__REQUIRED ACTION__.
Check each line below for the word "industrie". How many have it? Answer with the number only.
Start of PROVIDED RECORDS
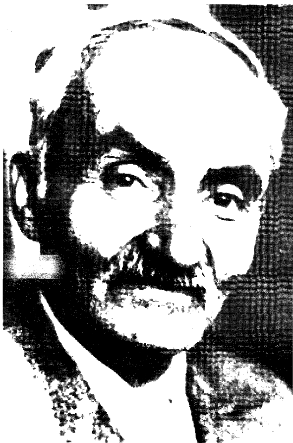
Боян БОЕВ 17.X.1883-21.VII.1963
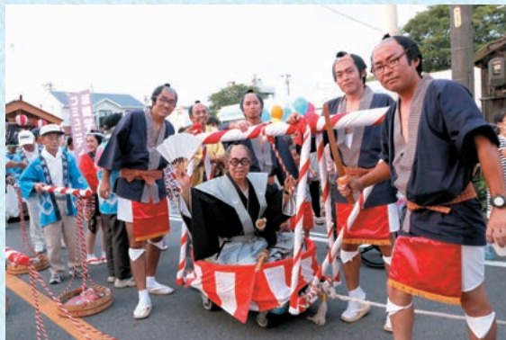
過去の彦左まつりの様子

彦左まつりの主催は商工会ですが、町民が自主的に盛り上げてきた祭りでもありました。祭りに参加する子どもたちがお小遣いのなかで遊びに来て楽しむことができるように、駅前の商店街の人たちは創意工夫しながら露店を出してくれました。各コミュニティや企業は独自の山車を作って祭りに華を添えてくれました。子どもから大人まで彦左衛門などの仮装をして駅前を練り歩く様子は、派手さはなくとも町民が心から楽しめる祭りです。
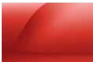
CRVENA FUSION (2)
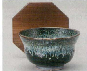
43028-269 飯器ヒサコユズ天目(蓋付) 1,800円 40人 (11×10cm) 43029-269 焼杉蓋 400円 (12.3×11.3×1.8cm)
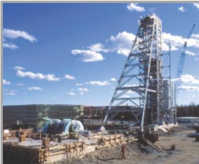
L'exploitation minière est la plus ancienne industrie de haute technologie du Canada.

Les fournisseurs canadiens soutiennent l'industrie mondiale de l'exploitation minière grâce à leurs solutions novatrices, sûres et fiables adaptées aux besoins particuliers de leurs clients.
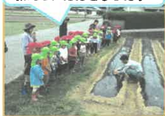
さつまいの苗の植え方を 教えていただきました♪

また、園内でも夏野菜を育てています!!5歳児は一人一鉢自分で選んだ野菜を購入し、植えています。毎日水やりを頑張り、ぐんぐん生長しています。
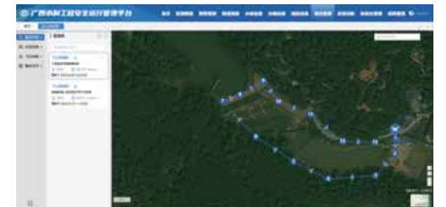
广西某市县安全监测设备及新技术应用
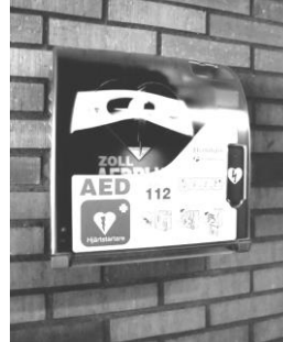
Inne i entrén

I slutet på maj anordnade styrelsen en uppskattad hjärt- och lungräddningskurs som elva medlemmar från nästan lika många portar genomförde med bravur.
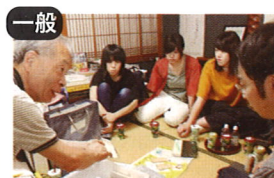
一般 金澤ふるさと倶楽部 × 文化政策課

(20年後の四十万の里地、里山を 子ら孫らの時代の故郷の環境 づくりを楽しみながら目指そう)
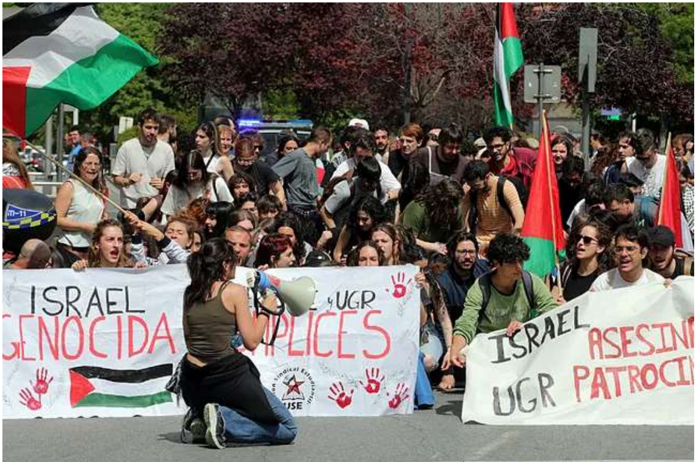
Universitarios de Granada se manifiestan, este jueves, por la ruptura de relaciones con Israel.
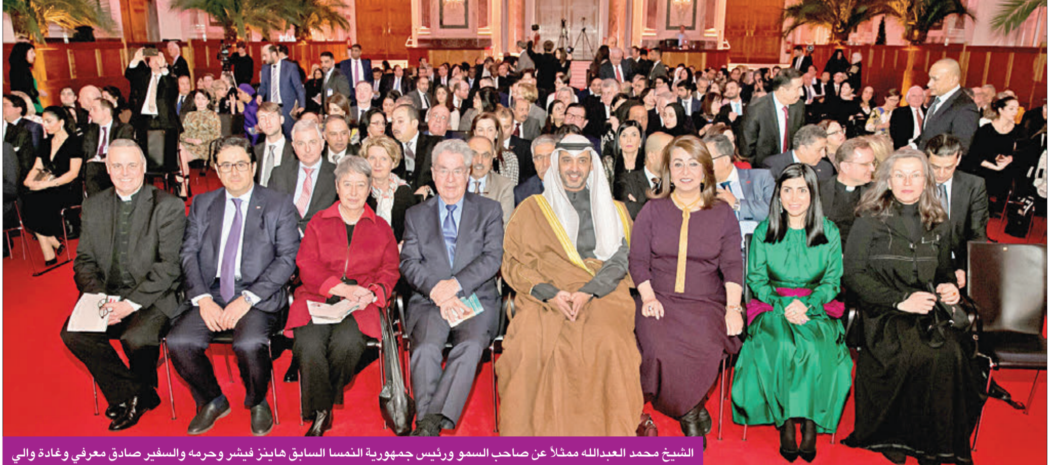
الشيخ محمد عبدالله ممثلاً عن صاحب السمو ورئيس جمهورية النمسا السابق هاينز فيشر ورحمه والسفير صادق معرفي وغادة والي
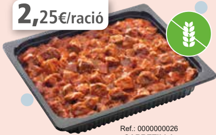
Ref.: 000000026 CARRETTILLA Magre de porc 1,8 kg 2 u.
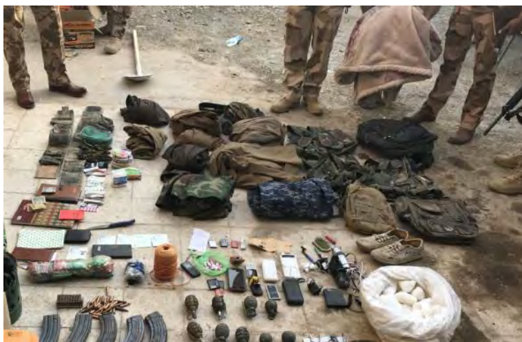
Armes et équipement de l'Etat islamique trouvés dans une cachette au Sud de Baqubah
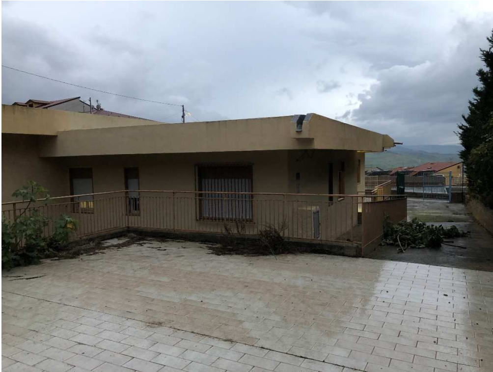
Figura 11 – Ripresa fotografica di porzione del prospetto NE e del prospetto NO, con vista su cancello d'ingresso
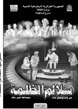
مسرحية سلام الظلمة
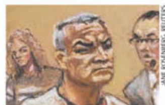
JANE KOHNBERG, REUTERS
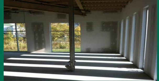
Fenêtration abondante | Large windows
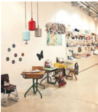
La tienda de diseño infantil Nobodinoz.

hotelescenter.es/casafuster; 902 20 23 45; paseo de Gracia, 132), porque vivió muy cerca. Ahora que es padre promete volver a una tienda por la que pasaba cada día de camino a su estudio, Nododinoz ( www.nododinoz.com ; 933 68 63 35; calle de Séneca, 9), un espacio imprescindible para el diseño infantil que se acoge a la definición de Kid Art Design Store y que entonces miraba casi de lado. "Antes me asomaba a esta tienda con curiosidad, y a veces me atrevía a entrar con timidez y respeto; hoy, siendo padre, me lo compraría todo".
End of PROVIDED RECORDS
__PROBLEM SOLUTION__.
2